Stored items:
+-------+
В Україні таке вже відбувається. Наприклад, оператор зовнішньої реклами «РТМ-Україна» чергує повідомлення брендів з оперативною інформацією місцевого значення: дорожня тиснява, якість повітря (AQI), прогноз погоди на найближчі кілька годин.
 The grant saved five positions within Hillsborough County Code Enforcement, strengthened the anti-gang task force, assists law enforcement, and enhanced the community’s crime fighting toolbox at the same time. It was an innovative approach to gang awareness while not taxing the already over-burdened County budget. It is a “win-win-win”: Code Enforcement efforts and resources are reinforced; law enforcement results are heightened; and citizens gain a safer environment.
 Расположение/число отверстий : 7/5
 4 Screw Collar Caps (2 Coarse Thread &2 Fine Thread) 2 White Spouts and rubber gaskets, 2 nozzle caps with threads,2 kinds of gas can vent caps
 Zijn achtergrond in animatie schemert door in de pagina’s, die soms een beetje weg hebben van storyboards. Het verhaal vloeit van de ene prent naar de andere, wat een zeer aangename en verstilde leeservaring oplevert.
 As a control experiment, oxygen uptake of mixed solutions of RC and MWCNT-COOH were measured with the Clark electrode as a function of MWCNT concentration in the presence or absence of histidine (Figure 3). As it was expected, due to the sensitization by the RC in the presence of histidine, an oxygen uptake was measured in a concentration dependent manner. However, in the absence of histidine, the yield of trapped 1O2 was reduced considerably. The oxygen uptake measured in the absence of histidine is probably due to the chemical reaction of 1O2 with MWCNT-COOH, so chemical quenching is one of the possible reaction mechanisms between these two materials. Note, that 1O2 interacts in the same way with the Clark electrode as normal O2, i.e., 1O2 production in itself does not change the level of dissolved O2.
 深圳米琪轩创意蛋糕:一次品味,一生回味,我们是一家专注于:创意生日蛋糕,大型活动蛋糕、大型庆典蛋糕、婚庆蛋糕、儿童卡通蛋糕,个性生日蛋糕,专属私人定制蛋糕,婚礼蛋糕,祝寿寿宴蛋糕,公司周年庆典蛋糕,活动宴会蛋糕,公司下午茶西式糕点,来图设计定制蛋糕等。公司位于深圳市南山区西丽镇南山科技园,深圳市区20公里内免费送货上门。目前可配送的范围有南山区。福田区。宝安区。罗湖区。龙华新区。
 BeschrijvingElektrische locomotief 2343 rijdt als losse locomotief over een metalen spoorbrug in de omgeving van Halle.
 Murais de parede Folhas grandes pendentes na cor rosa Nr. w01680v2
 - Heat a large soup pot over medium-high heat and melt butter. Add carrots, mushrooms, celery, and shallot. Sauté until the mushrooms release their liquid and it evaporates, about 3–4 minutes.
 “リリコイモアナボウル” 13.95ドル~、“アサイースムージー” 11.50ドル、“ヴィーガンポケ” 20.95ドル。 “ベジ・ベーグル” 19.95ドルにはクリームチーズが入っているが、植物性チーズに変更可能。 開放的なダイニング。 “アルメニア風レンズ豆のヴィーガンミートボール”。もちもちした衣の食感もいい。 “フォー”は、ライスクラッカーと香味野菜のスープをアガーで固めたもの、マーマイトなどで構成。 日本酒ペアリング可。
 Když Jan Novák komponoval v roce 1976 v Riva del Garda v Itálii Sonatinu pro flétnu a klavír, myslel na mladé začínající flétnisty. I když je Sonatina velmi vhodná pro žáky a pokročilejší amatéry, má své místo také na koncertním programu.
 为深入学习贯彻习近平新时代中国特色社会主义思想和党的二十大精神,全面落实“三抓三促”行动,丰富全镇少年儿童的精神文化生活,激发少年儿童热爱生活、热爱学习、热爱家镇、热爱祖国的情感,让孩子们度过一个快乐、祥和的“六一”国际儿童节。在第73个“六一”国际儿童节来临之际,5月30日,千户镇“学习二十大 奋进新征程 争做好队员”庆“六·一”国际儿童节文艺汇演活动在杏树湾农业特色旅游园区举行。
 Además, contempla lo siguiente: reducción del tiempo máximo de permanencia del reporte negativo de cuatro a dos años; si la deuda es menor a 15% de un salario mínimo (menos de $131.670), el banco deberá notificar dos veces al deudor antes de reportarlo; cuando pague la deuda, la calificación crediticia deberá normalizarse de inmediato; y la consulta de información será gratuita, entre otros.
+-------+
In full and word for word, output the entries.

В Україні таке вже відбувається. Наприклад, оператор зовнішньої реклами «РТМ-Україна» чергує повідомлення брендів з оперативною інформацією місцевого значення: дорожня тиснява, якість повітря (AQI), прогноз погоди на найближчі кілька годин.
 The grant saved five positions within Hillsborough County Code Enforcement, strengthened the anti-gang task force, assists law enforcement, and enhanced the community’s crime fighting toolbox at the same time. It was an innovative approach to gang awareness while not taxing the already over-burdened County budget. It is a “win-win-win”: Code Enforcement efforts and resources are reinforced; law enforcement results are heightened; and citizens gain a safer environment.
 Расположение/число отверстий : 7/5
 4 Screw Collar Caps (2 Coarse Thread &2 Fine Thread) 2 White Spouts and rubber gaskets, 2 nozzle caps with threads,2 kinds of gas can vent caps
 Zijn achtergrond in animatie schemert door in de pagina’s, die soms een beetje weg hebben van storyboards. Het verhaal vloeit van de ene prent naar de andere, wat een zeer aangename en verstilde leeservaring oplevert.
 As a control experiment, oxygen uptake of mixed solutions of RC and MWCNT-COOH were measured with the Clark electrode as a function of MWCNT concentration in the presence or absence of histidine (Figure 3). As it was expected, due to the sensitization by the RC in the presence of histidine, an oxygen uptake was measured in a concentration dependent manner. However, in the absence of histidine, the yield of trapped 1O2 was reduced considerably. The oxygen uptake measured in the absence of histidine is probably due to the chemical reaction of 1O2 with MWCNT-COOH, so chemical quenching is one of the possible reaction mechanisms between these two materials. Note, that 1O2 interacts in the same way with the Clark electrode as normal O2, i.e., 1O2 production in itself does not change the level of dissolved O2.
 深圳米琪轩创意蛋糕:一次品味,一生回味,我们是一家专注于:创意生日蛋糕,大型活动蛋糕、大型庆典蛋糕、婚庆蛋糕、儿童卡通蛋糕,个性生日蛋糕,专属私人定制蛋糕,婚礼蛋糕,祝寿寿宴蛋糕,公司周年庆典蛋糕,活动宴会蛋糕,公司下午茶西式糕点,来图设计定制蛋糕等。公司位于深圳市南山区西丽镇南山科技园,深圳市区20公里内免费送货上门。目前可配送的范围有南山区。福田区。宝安区。罗湖区。龙华新区。
 BeschrijvingElektrische locomotief 2343 rijdt als losse locomotief over een metalen spoorbrug in de omgeving van Halle.
 Murais de parede Folhas grandes pendentes na cor rosa Nr. w01680v2
 - Heat a large soup pot over medium-high heat and melt butter. Add carrots, mushrooms, celery, and shallot. Sauté until the mushrooms release their liquid and it evaporates, about 3–4 minutes.
 “リリコイモアナボウル” 13.95ドル~、“アサイースムージー” 11.50ドル、“ヴィーガンポケ” 20.95ドル。 “ベジ・ベーグル” 19.95ドルにはクリームチーズが入っているが、植物性チーズに変更可能。 開放的なダイニング。 “アルメニア風レンズ豆のヴィーガンミートボール”。もちもちした衣の食感もいい。 “フォー”は、ライスクラッカーと香味野菜のスープをアガーで固めたもの、マーマイトなどで構成。 日本酒ペアリング可。
 Když Jan Novák komponoval v roce 1976 v Riva del Garda v Itálii Sonatinu pro flétnu a klavír, myslel na mladé začínající flétnisty. I když je Sonatina velmi vhodná pro žáky a pokročilejší amatéry, má své místo také na koncertním programu.
 为深入学习贯彻习近平新时代中国特色社会主义思想和党的二十大精神,全面落实“三抓三促”行动,丰富全镇少年儿童的精神文化生活,激发少年儿童热爱生活、热爱学习、热爱家镇、热爱祖国的情感,让孩子们度过一个快乐、祥和的“六一”国际儿童节。在第73个“六一”国际儿童节来临之际,5月30日,千户镇“学习二十大 奋进新征程 争做好队员”庆“六·一”国际儿童节文艺汇演活动在杏树湾农业特色旅游园区举行。
 Además, contempla lo siguiente: reducción del tiempo máximo de permanencia del reporte negativo de cuatro a dos años; si la deuda es menor a 15% de un salario mínimo (menos de $131.670), el banco deberá notificar dos veces al deudor antes de reportarlo; cuando pague la deuda, la calificación crediticia deberá normalizarse de inmediato; y la consulta de información será gratuita, entre otros.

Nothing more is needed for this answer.